La influencia no siempre se ejerce con discursos grandilocuentes ni con técnicas de comunicación visibles. En muchas ocasiones se construye en los márgenes de la conversación, en los silencios, en la postura corporal o en la forma de formular una pregunta. Para Juanma García, exagente de la Unidad Central Operativa (UCO) y especialista en ciencias del comportamiento, entender ese plano invisible de la comunicación marca una diferencia decisiva en la vida profesional y personal.
Según explica, quien logra descifrar por qué una persona adopta un gesto concreto o reacciona de determinada manera obtiene una ventaja sustancial en cualquier comunicación: desde una negociación laboral hasta la gestión de conflictos familiares. Pero insiste en el matiz clave de que el objetivo no es manipular, sino comprender y dirigir la comunicación con mayor precisión.
Influir sin manipular: estrategia, lenguaje, y foco comunicación

García sostiene que la influencia efectiva comienza mucho antes de pronunciar la primera palabra.
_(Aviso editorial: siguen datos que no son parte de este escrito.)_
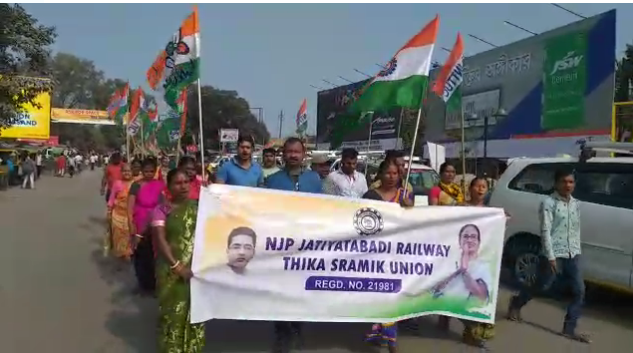 শিলিগুড়ি,৩০ জানুয়ারিঃ শ্রমিক নিয়োগের দাবি জানিয়ে রেলের কাজ বন্ধ করে বিক্ষোভে শামিল হল তৃণমূলের শ্রমিক সংগঠন।
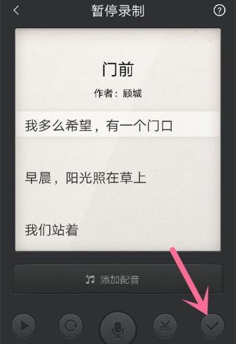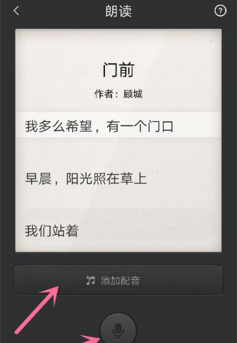 点击朗读后,系统会跳转到文章的朗读界面,可以添加背景音乐,添加好后,点击话筒进进录音。
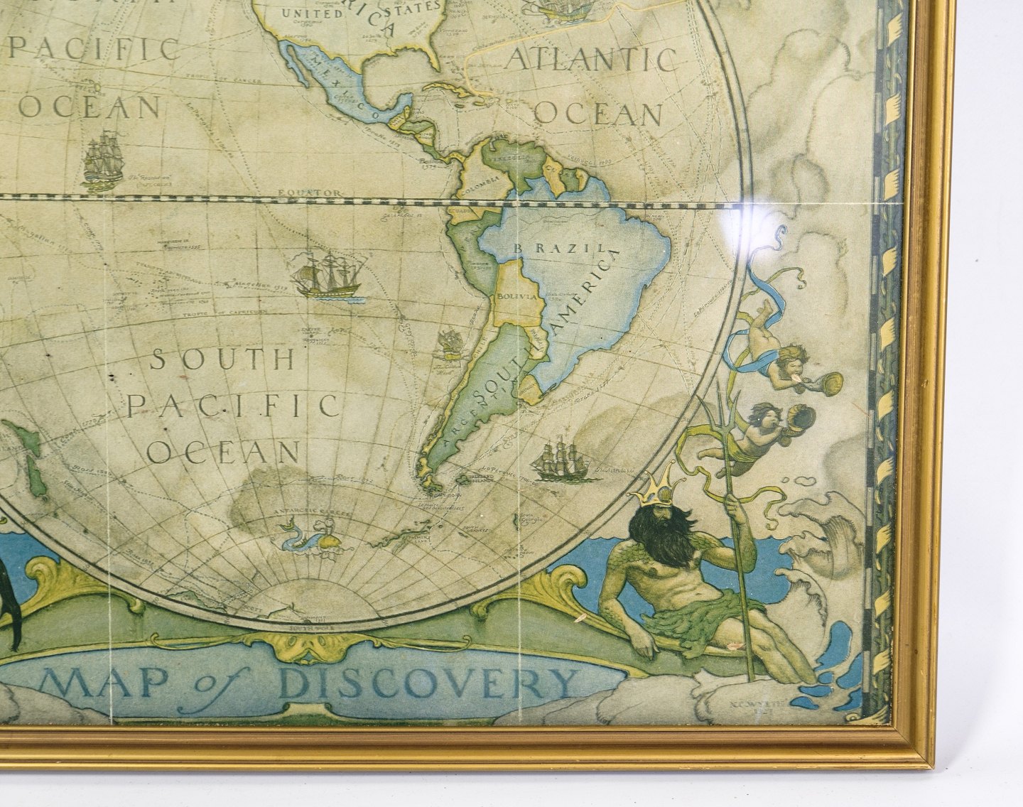 Et kort over den vestlige halvkugle med titel ”Map of discovery” fra omkring 1920’erne
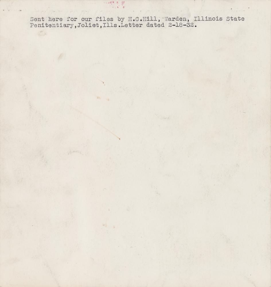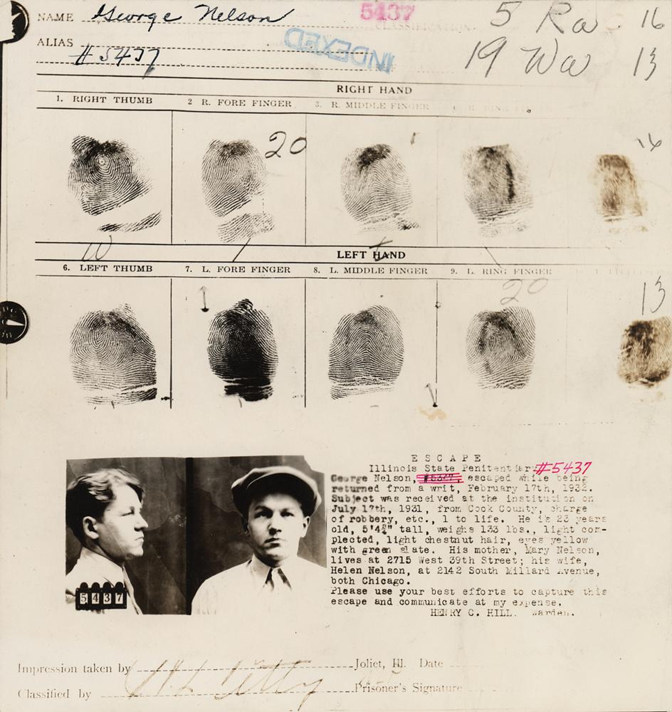 Uncommon original vintage 7.5 x 8 photographic fingerprint card for "George Nelson," depicting his mug shot and ten finger prints, with text describing his escape from Illinois State Penitentiary: "Escaped while being returned from a writ, February 17th, 1932. Subject was received at the institution on July 17th, 1931, from Cook County, charge of robbery, etc., 1 to life. He is 23 years old, 5' 4 3/4" tall, weighs 1333 lbs., light complected, light chestnut hair, eyes yellow with green slate…Please use your best efforts to capture this escape and communicate at my expense." Stamped "Indexed" at the top, with several ballpoint annotations. In fine condition.
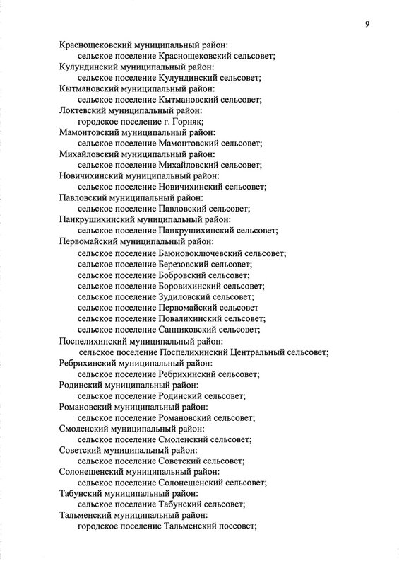 Важно. Теперь требования об изоляции и ограничении передвижения касаются жителей только указанных в указе населенных пунктов. К ним относятся все города края, все райцентры, а также несколько крупных сел. Это Степное озеро (Благовещенский район), Б. Ключи, Березовка, Бобровка, Боровиха, Зудилово, Первомайский, Повалиха, Санниково (все – Первомайский район), Озерки и Новоозерки (Тальменский район).
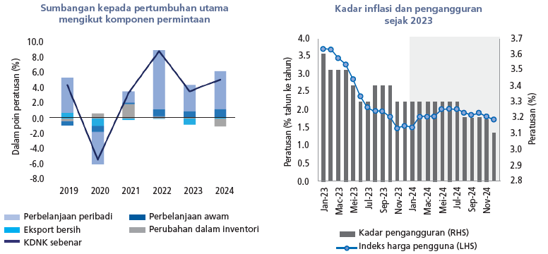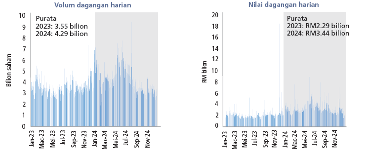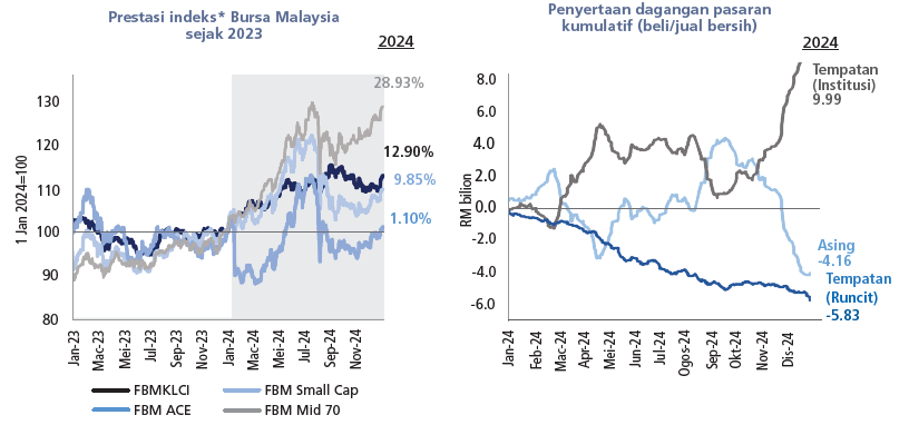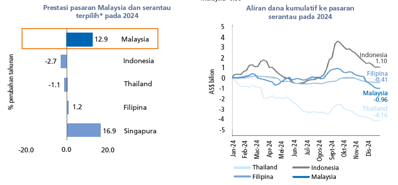 Prestasi pasaran ekuiti Malaysia sebahagian besarnya didorong oleh pelbagai faktor domestik, termasuk pelancaran dan peningkatan kejelasan dasar negara (contohnya NIMP 2030, NETR, NSS), langkah pengukuhan fiskal (contohnya rasionalisasi subsidi diesel), pertumbuhan pendapatan dan aktiviti korporat. Hal ini digalakkan oleh kedudukan Malaysia dalam rantaian nilai semikonduktor global dan peningkatan penilaian sasaran akhir FBMKLCI oleh ramai penganalisis. Selain perkembangan domestik, cabaran global terus mempengaruhi sentimen pelaburan dan peralihan modal, dengan turun naik didorong oleh ketidaktentuan hala tuju dan kadar dasar monetari global pada separuh pertama (1H) 2024, konflik geopolitik yang berterusan dan pertumbuhan ekonomi yang lebih perlahan dari China. Tahun 2024 khususnya, mencatatkan aliran keluar ekuiti asing daripada pasaran ekuiti domestik berjumlah -AS$941.9 juta pada 2024, berbanding aliran keluar bersih sebanyak -AS$514.2 juta pada 2023.
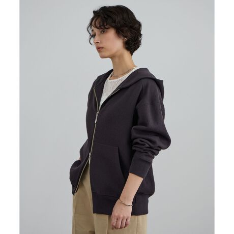 体を包み込むようなオーバーシルエットのフードニットパーカー。
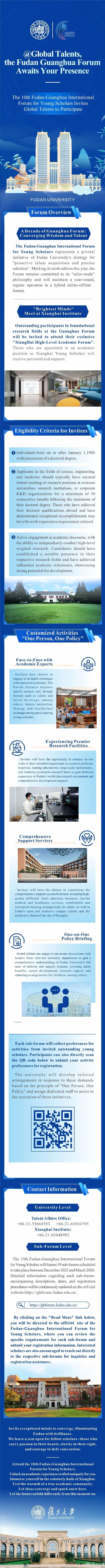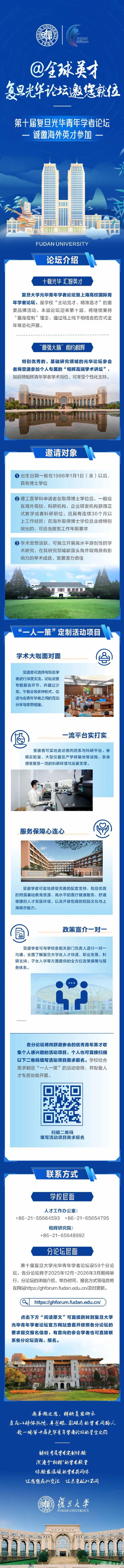 复旦大学光华青年学者论坛暨上海高校国际青年学者论坛,是复旦“主动觅才、精准选才”的重要品牌活动,自2016年起已举办八届。论坛汇聚了一大批学术水平高、创新能力强、发展潜力大的优秀青年人才,其中不少入选国家战略人才计划,论坛也已成为学校引才育才、服务国家的重要平台。
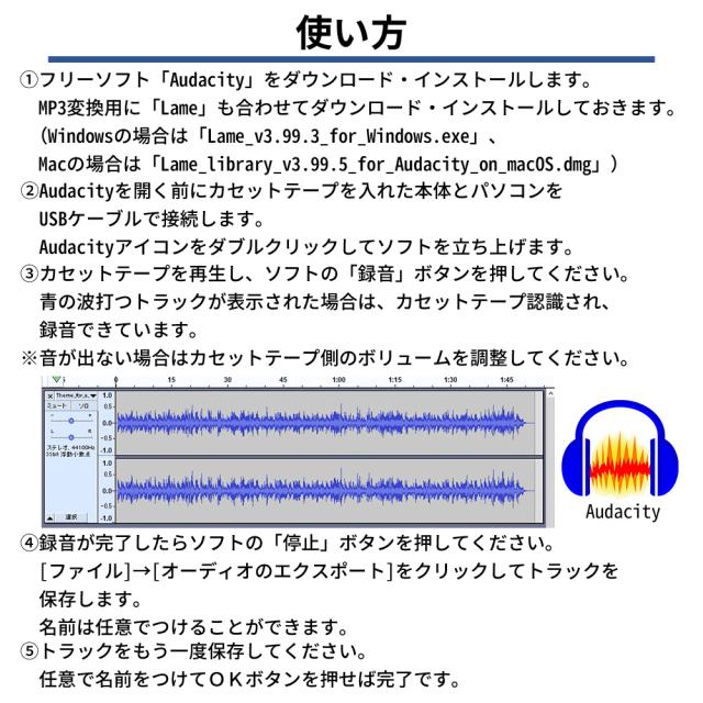 ※カセットテープ音源を保存・MP3変換するにはフリーソフト「Audacity」と「Lam.exe」が必要です。どちらもウェブサイトよりダウンロードできます。

El primer paso es tener una estrategia clara sobre cuál es la opción que más conviene y, a partir de ahí, construir el mensaje para que el interlocutor perciba que esa misma opción también le beneficia. No se trata de imponer, sino de alinear intereses.
En la práctica, esto implica formular propuestas de manera que reduzcan la resistencia del otro. El experto describe lo que denomina un “laberinto lingüístico”: pequeñas variaciones en el encuadre de una decisión pueden aumentar significativamente la probabilidad de que la otra parte la adopte por iniciativa propia. El cerebro humano, recuerda, tiende a proteger su sensación de autonomía; por eso, cuando una persona cree que elige libremente, su compromiso con la decisión es mayor.
Esta lógica explica por qué, en entornos profesionales, conocer al interlocutor y observar sus reacciones resulta tan valioso. Microgestos repetidos, cambios posturales o variaciones en el tono emocional pueden revelar incomodidad, duda o rechazo antes de que aparezcan verbalmente. Detectarlos a tiempo permite reconducir la conversación y ajustar la estrategia en tiempo real.
El especialista insiste en que esta capacidad no es patrimonio exclusivo de perfiles policiales. Con entrenamiento y atención consciente, cualquier persona puede mejorar su lectura del comportamiento y, con ello, su eficacia comunicativa.
El poder de la observación: intuición, cuerpo y confianza
Uno de los puntos más relevantes del enfoque de Joan García es la reinterpretación de la intuición. Lejos de considerarla un fenómeno místico, la define como el resultado de la experiencia acumulada que el cerebro procesa de forma no consciente. Cuando algo “no cuadra” en una interacción, el cuerpo suele reaccionar antes que la mente racional.
Esa reacción temprana —tensión muscular, incomodidad súbita, alerta fisiológica— forma parte de los mecanismos de supervivencia. El problema, advierte, es que muchas personas han aprendido a ignorar esas señales de comunicación. Desarrollar sensibilidad hacia ellas permite detectar incoherencias, anticipar conflictos y, en casos extremos, prevenir situaciones de riesgo.
Su experiencia operativa refuerza esta idea. Durante su etapa en unidades de investigación, la generación de confianza era una herramienta crítica. “Cuando una persona confía en ti, se abre más y ofrece información de mayor calidad”, resume. Esa confianza no depende solo de lo que se dice, sino de cómo se dice y de la coherencia entre lenguaje verbal y no verbal.
El experto también subraya la bidireccionalidad entre cuerpo y mente. No solo las emociones modifican la postura; la postura también puede modular el estado emocional. Corregir la posición corporal, regular la respiración o relajar la musculatura puede ayudar a recuperar el control en momentos de tensión y evitar respuestas impulsivas que deterioren la interacción.
En un contexto social cada vez más saturado de estímulos y mensajes, la comunicación no consciente se ha convertido —en palabras de García— en una competencia estratégica. No promete lectores de mentes ni soluciones infalibles, pero sí una ventaja real: comprender mejor a los demás para decidir con mayor precisión cómo y cuándo intervenir.